Dolar (USD)
32.57
Euro (EUR)
34.96
Gram Altın
2461.11
BIST 100
9889.04
02:17 İMSAK'A
KALAN SÜRE

23 Haziran 2020

Bir Dostun Tabutuna Uzaktan El Sallamak

Yıl 1968 Aylardan Haziran…

Nusret Özcan kardeşimle ilk tanışmamız, İmam Hatip Okulu’na girebilmek için, Laleli THY Bloklarının yan tarafında bulunan, Uğur Dershanesi’nde olmuştu…

Hacı Fahri Kığı’lı Kur’an Kursu binasından dönüşen ve o zaman İstanbul İmam Hatip Okulu’nun bir şubesi gibi açılan, Gaziosmanpaşa Dörtyol İmam Hatip Okulu 1-E sınıfında, birlikte orta öğretime başlıyoruz…

Her üçümüz de düşe kalka, 7 yıllık okulu 9. yılda 7 B sınıfında, birlikte bitirebiliyoruz. 9 yılda neler yaşadık neler...

Sınıf arkadaşımız Ayhan Yılmaz, Nusret ile hem okul hem de okul sonrasında, değişik zaman ve zemin dilimlerinde, benden daha çok birlikteliği oldu.

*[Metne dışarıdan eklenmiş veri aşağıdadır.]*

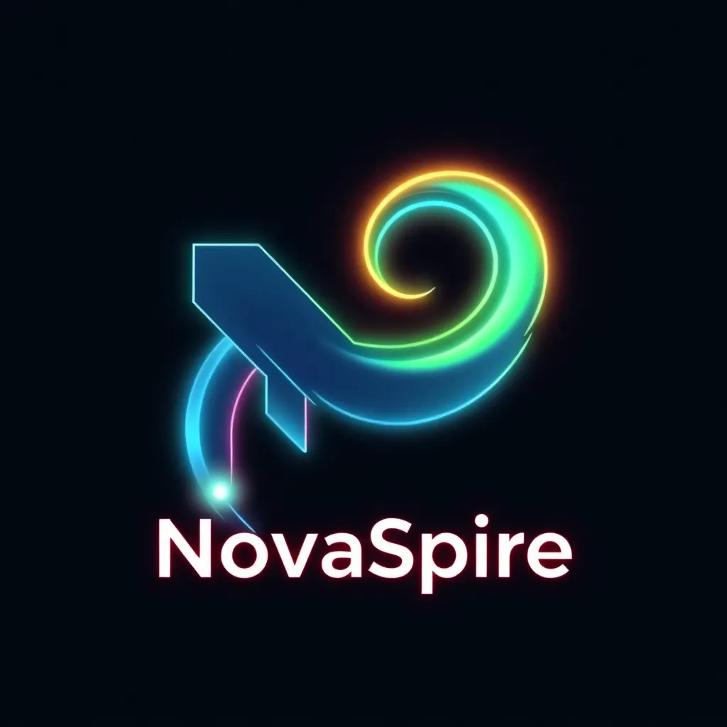 Create a logo animation for a futuristic tech startup, 'NovaSpire', that represents innovation and growth. The animation should feature a stylized 'N' symbol morphing into a spiral shape, surrounded by glowing circuit boards and neon lights, with a subtle nod to space exploration. Use bold colors and dynamic movements.
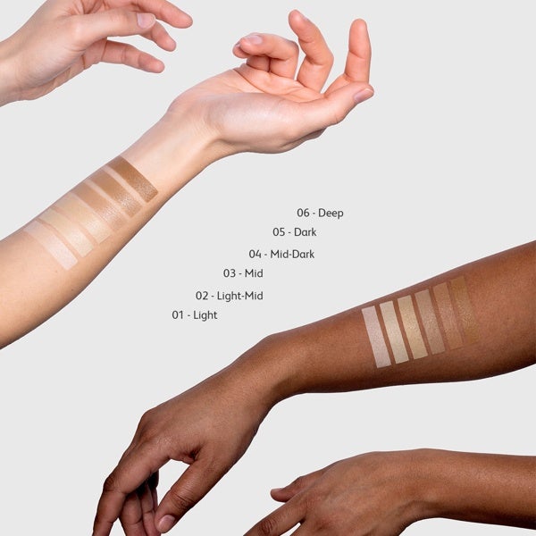 Disponível em 6 tonalidades versáteis, sua adaptabilidade e capacidade de sobreposição o tornam adequado para uma ampla variedade de tons de pele.
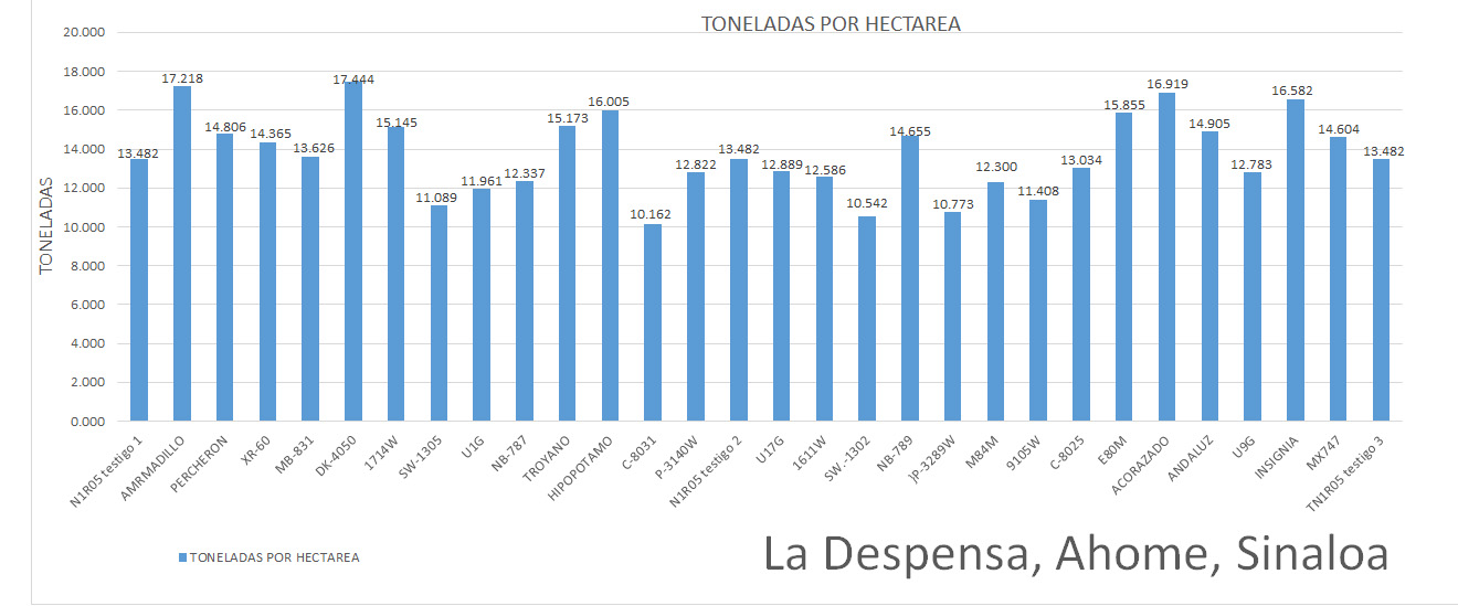 Figura 1. Gráfica de rendimientos por híbridos de maíz blanco, ciclo agrícola 2018-2019.
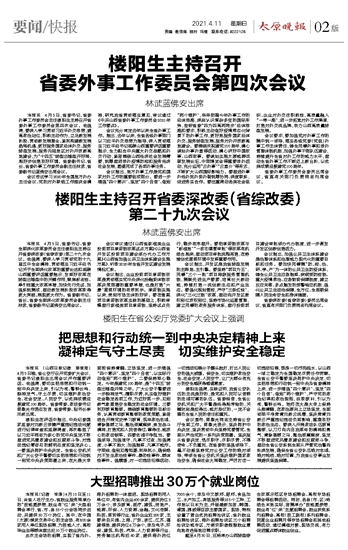 楼阳生主持召开省委深改委(省综改委) 第二十九次会议
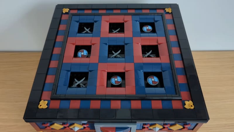 Joost van Velzen built a fully mechanical LEGO machine capable of playing Tic-Tac-Toe without any electronics. The machine uses 52 mechanical logic gates and 204 bits of mechanical memory to process game state and respond with moves. It always starts by taking the center square, and the human player's first move is limited to
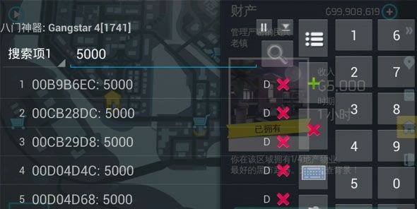 3、打开八门神器搜索你购买的房产的收入金额,例如5000,搜索类型选择DWORD

Gümüş Sakallı Kardeşim Nusret'i, 22 Haziran 2007 Cuma günü Dâr-ı Bekâ'ya uğurladık. Tam 13 yıl olmuş... Nusret'i Ayhan Yılmaz'ın bir şiiriyle yâd edelim.

BİR DOSTUN TABUTUNA

UZAKTAN EL SALLAMAK

Kalksam gelsem Eyüp’e vapur iskelesine

Birer tabure çeksek otursak çay söylesek

Yalın beyaz bir duvar asmalı kahvehane

Cigaraları yakıp balıklara üflesek

Ah kardeşim ne vardı öyle çekip gidecek

O kış Mevlâm İstanbul’a bir rüzgâr aşketti ki

Sancaktar Yokuşu’nda sokak levhası dondu

Kimsenin bilmediği kasketli mavi tilki

Zıpladı kanatlandı kırmızı dama kondu

(Sen Suriçi Valisi ben Taşlıtarla Lordu)

Ansızın gemiler çıkar ya filmde sisler içinden

Öyle bir nehirdi minibüsler Yıldıztabya Rami’den

Gizli bir uğultuyla akarlardı derinden

İsyankar çocuklardık mazotlu zifir katran

Yıldızları tesbih yapıp durak durak ekleyen

Tereciye tere satan güneşe kafa atan

Bakışları harita sırasını bekleyen

Pergelin sabit ucu kalbimizin üstünde

Felekten kopya çekmiş hem ağlayan hem gülen

Sırtımızda dört mevsim aynı ceket aynı yük

Mor yeleli atların duyduğu tınılarla

Nakit mahdut formüller grift boylarımız çok küçük

Müsait bir yerde inelim kaptan oynama anılarla

Pikapta Orhan Baba Derdi Dünyadan Büyük

Çamur deyip geçmeyin toz toprak deyip

Ebrulisi astarlısı kınalısı vardır

Ağır ceviz yaprakları düşerse aklınıza

Çavdar tarlasına koşun küçümsemeyin

Kimse dönüp bakmazdı binbeşyüz havamıza

“Halat mahalline girmek tehlikeli ve yasak…”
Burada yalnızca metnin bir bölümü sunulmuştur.